Your instructions:
Although the records contain pictures, none belong in the copy: restate word for word only the lines from the one with "- 爱普生 LK-4TBN" through the one with "Our crossback apron", both included.
Segment Start: Records shown
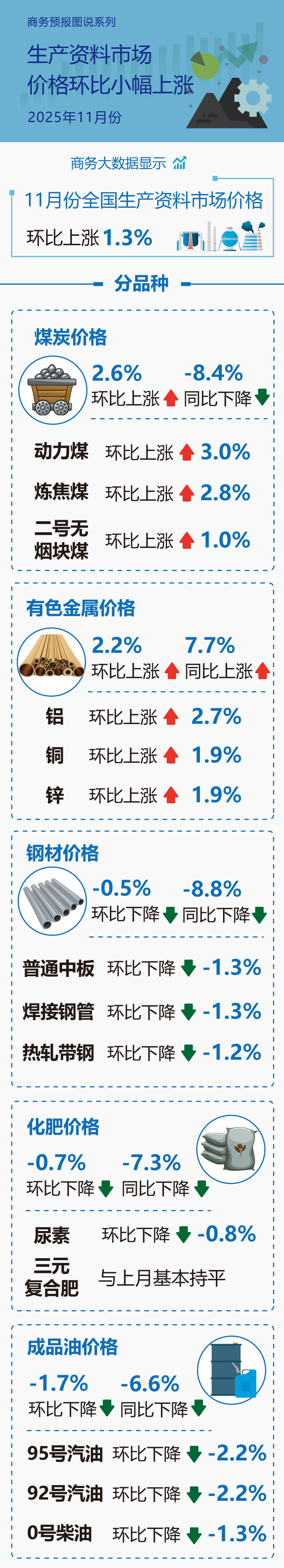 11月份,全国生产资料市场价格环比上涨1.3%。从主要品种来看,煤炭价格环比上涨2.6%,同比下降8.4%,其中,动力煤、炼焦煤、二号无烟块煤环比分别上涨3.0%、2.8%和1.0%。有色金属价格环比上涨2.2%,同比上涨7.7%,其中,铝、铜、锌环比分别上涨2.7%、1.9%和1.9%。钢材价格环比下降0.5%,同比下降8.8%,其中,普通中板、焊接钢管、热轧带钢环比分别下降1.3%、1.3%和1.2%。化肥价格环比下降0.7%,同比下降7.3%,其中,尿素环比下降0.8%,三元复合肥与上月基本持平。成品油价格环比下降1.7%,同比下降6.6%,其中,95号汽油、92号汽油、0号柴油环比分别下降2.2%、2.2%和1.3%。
Segment End: Records shown
Segment Start: Records shown
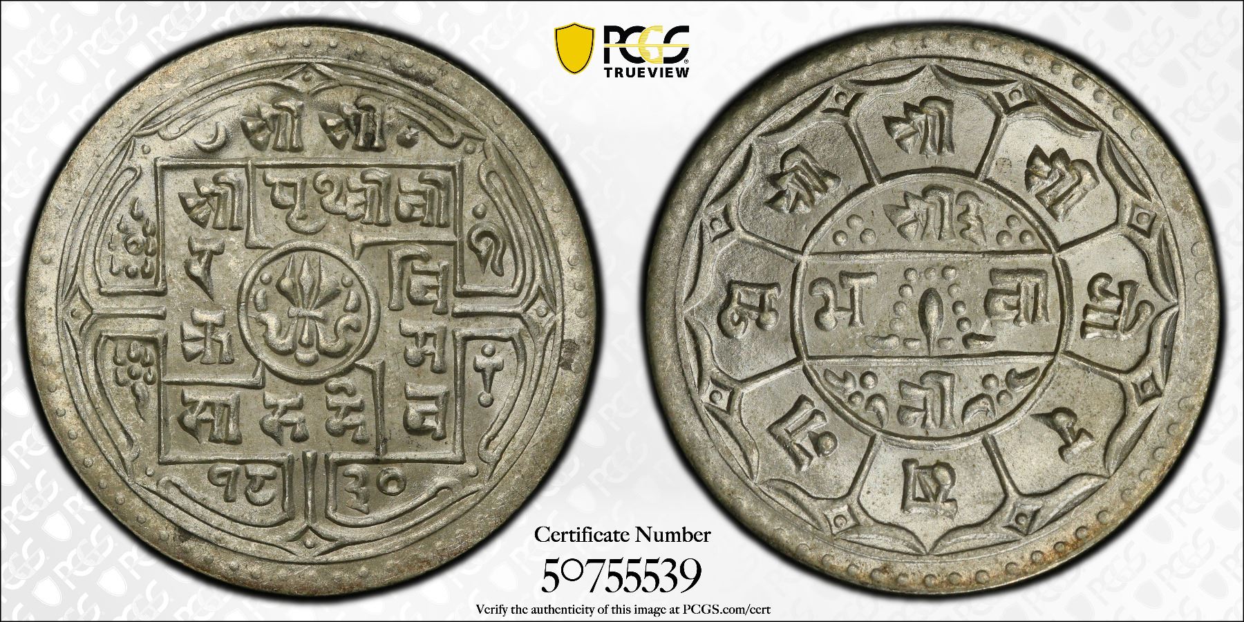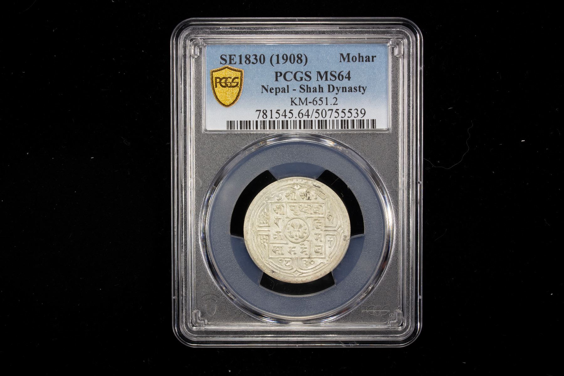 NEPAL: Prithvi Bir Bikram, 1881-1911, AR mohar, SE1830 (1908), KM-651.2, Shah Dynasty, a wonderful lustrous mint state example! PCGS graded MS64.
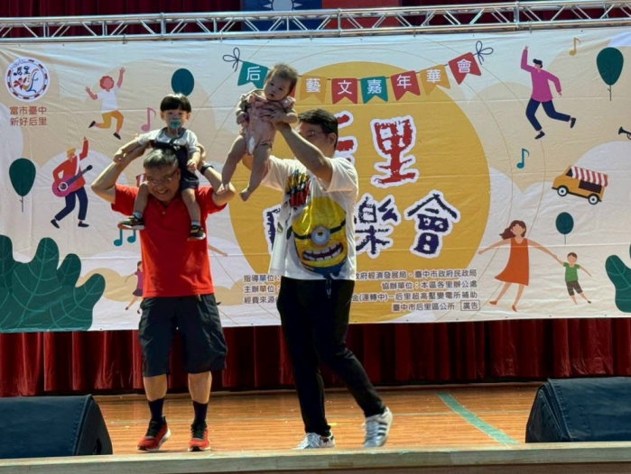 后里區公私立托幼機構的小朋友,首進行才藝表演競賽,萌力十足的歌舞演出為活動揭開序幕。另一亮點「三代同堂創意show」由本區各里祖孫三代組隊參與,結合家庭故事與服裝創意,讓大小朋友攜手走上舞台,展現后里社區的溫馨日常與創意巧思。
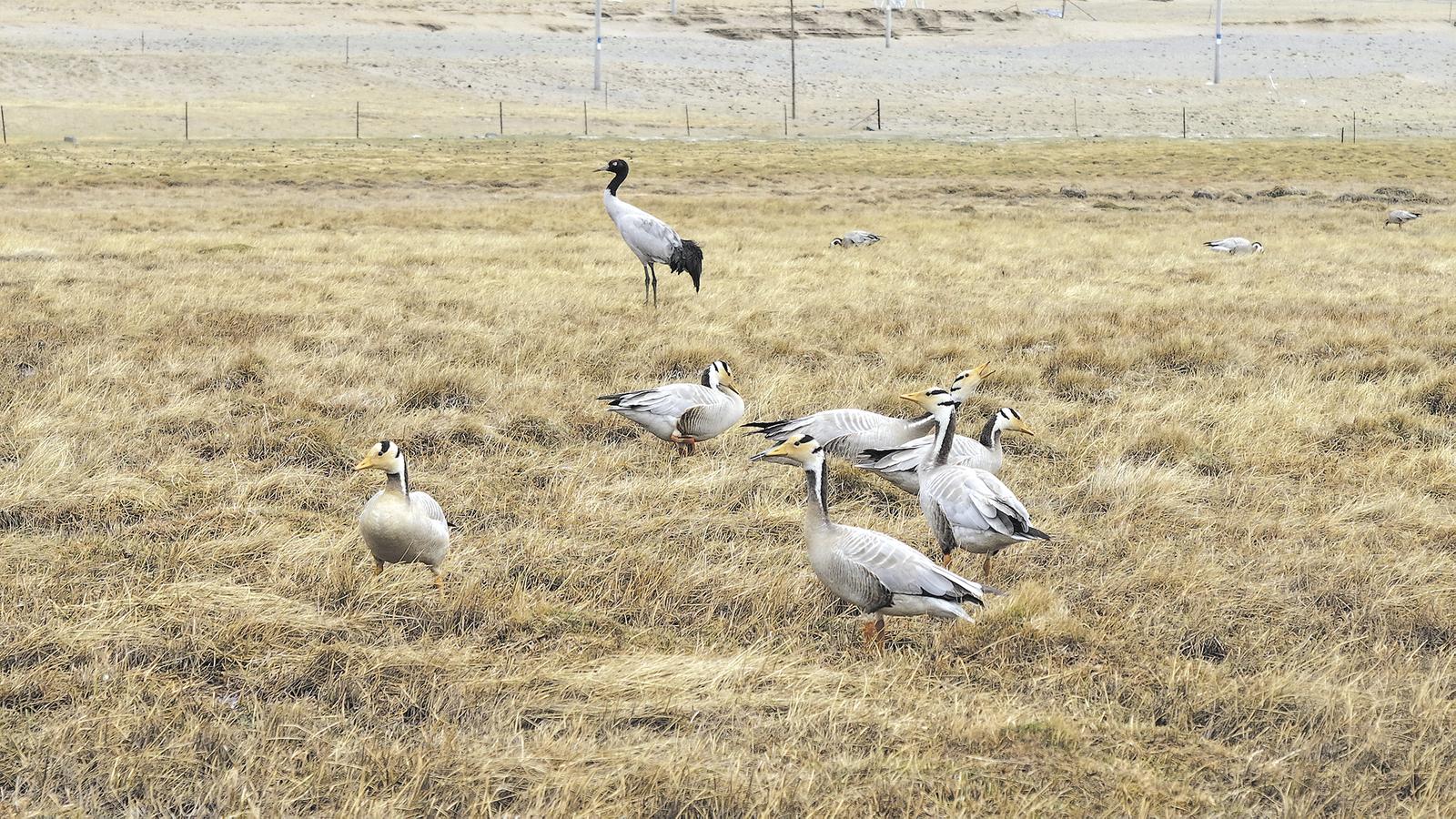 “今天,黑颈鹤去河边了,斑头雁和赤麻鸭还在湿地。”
Segment End: Records shown
Segment Start: Records shown
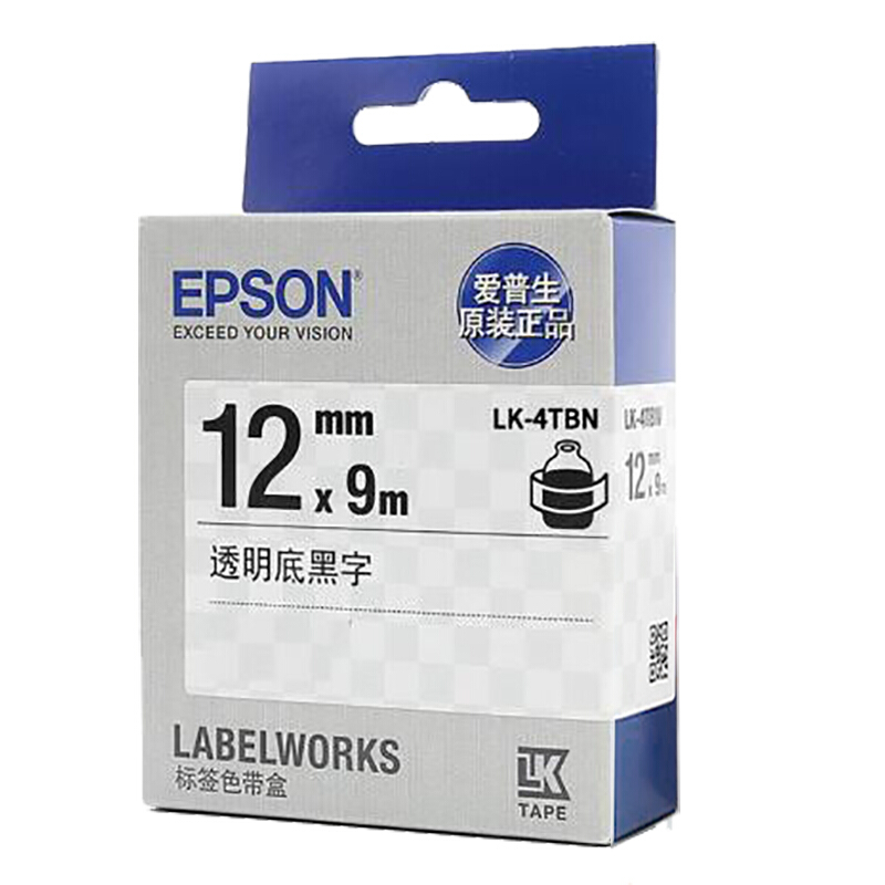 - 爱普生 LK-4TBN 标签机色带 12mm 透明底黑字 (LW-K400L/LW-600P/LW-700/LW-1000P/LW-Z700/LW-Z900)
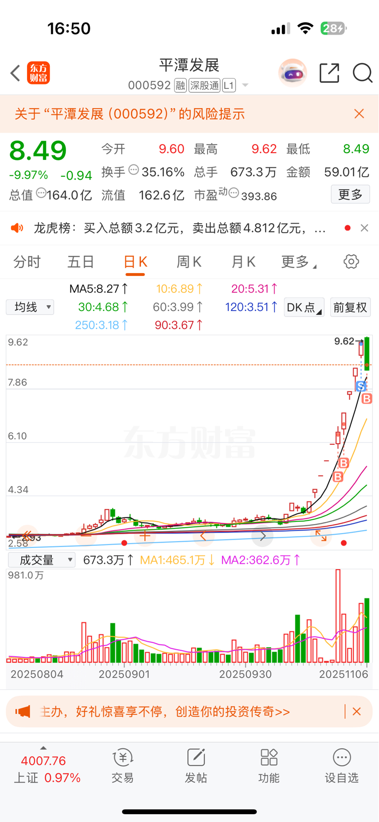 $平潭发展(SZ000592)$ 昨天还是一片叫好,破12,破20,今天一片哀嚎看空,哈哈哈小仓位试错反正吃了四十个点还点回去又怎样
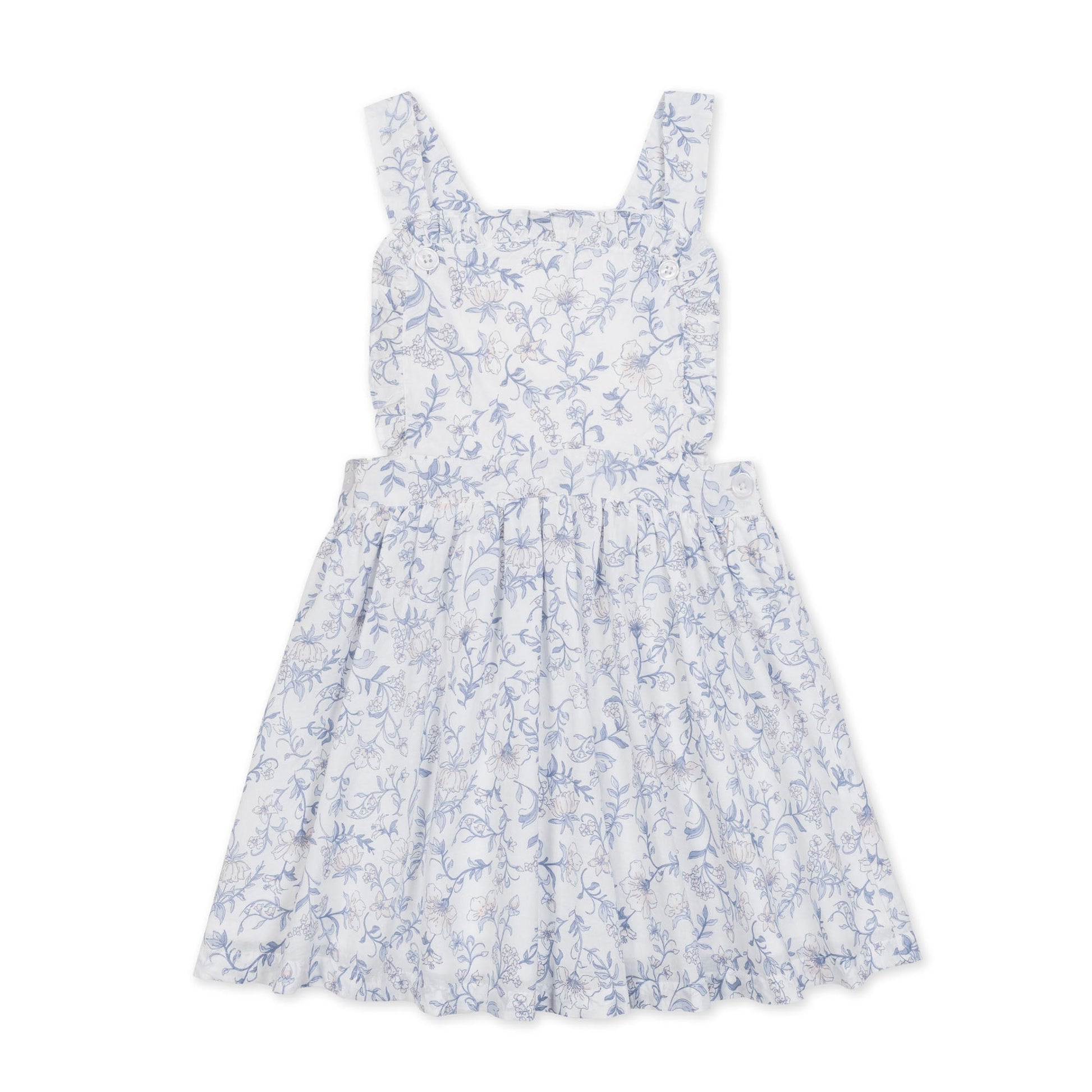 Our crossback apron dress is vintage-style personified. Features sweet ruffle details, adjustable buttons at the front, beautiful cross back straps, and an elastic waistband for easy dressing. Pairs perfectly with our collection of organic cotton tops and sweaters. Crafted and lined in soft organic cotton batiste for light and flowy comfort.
Segment End: Records shown
Solution:
 - 爱普生 LK-4TBN 标签机色带 12mm 透明底黑字 (LW-K400L/LW-600P/LW-700/LW-1000P/LW-Z700/LW-Z900)
 $平潭发展(SZ000592)$ 昨天还是一片叫好,破12,破20,今天一片哀嚎看空,哈哈哈小仓位试错反正吃了四十个点还点回去又怎样
 Our crossback apron dress is vintage-style personified. Features sweet ruffle details, adjustable buttons at the front, beautiful cross back straps, and an elastic waistband for easy dressing. Pairs perfectly with our collection of organic cotton tops and sweaters. Crafted and lined in soft organic cotton batiste for light and flowy comfort.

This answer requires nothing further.